Express is the go to for a lot of NodeJS projects, it’s battle tested, stable, and has the biggest community. A lot of other NodeJS frameworks are actually built on top of Express. (Sails, MEAN, Kraken, etc)
koa uses more modern ideas, but you might run into issues if you don’t know ES6 really well. Hapi is also fairly popular, but it is more configuration based than convention.
You might run into “MEAN”, that’s just a buzzword, don’t worry about it and don’t get caught up on it. You don’t need to use Mongo, or Express, or Angular, with NodeJS. You can use MySQL, Hapi, React, with NodeJS if you want or mix and match with any other combination you want.
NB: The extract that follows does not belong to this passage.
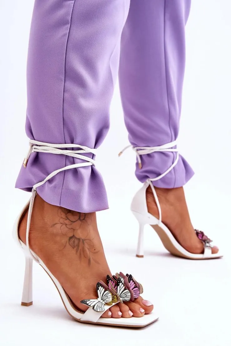 Niesamowite sandałki damskie wykonane z eko skóry posiadają na przodzie urocze motylki. Model ten jest wiązany na wysokości łydki. Dodatkowo zapiętek w tych butach jest usztywniany. Tym modelem urozmaicisz wiele stylizacji! Sandałki zostały osadzone na szpilce. Koniecznie powinny być Twoje! Przy wyborze rozmiaru prosimy sugerować się tabelą rozmiarów.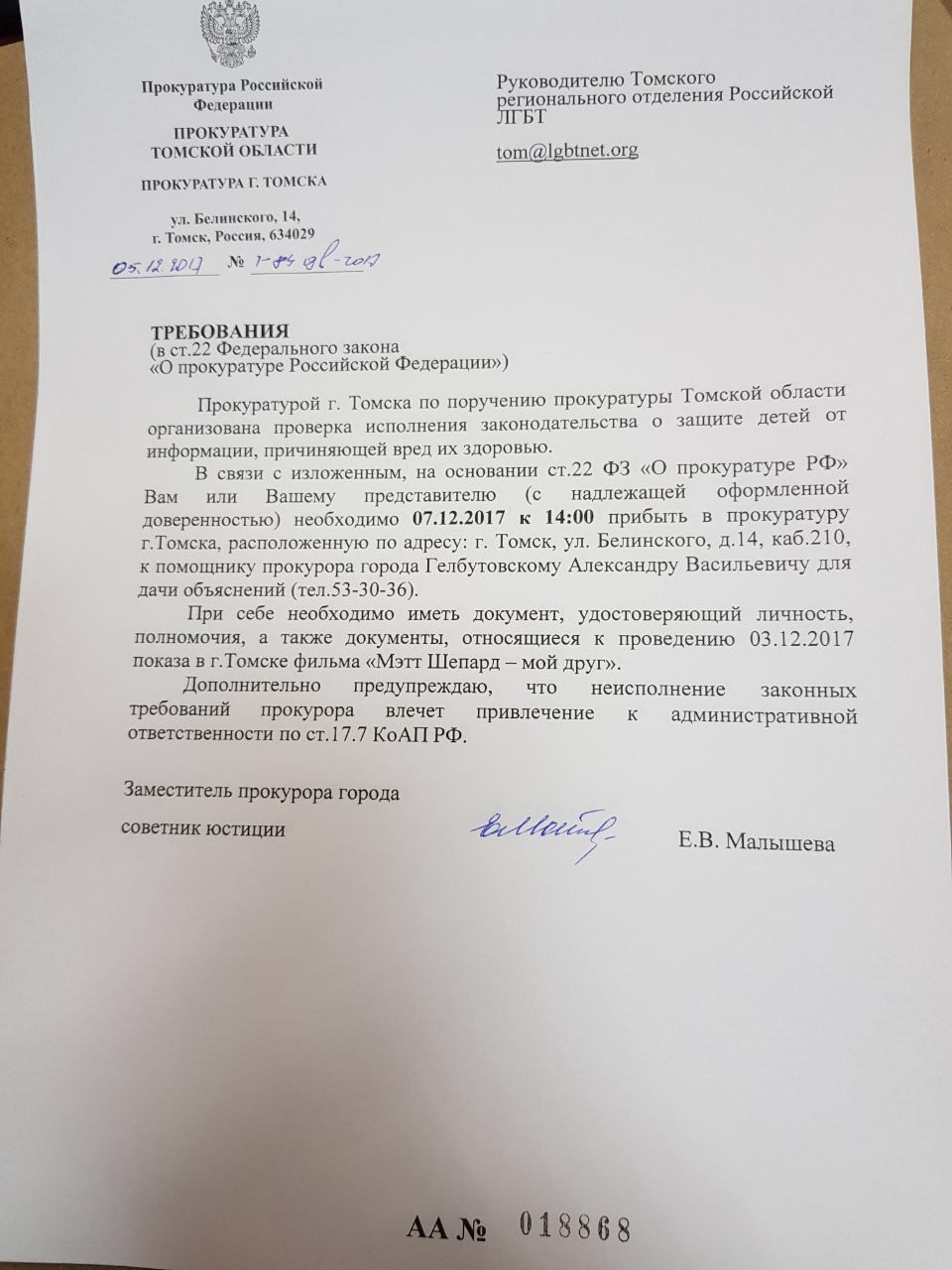 Томск: ЛГБТ-активиста вызвали в прокуратуру из-за фильма

Thanks a bunch. This has definitely given me a few places to start looking. I know this seems a little ambitious, but I’m serious about learning. Do you have any recommendations for books or tutorials that could walk me through the general process of making a basic social network website with one or more of these tools? I’m normally a front end developer/UI designer so this is a bit of a venture into the wild blue for me.
(And yes, I’ve heard the whole MEAN thing. It seems like a popular toolset.)
I don’t know of any that build a social network, but FreeCodeCamp has quite a bit on both the Front and Backend, as well as messing with MongoDB.
There are lots of other tutorials out there, lots of the MEAN stack, just look for something fairly recent that uses Node v4+. Once you understand the pieces and how stuff is put together, then you can start building it yourself.
It’s fine to use it and there are a lot of “MEAN Stack” tutorials that are geared towards all skill levels. I just see a lot people getting caught up on “using MEAN” and not separating the parts.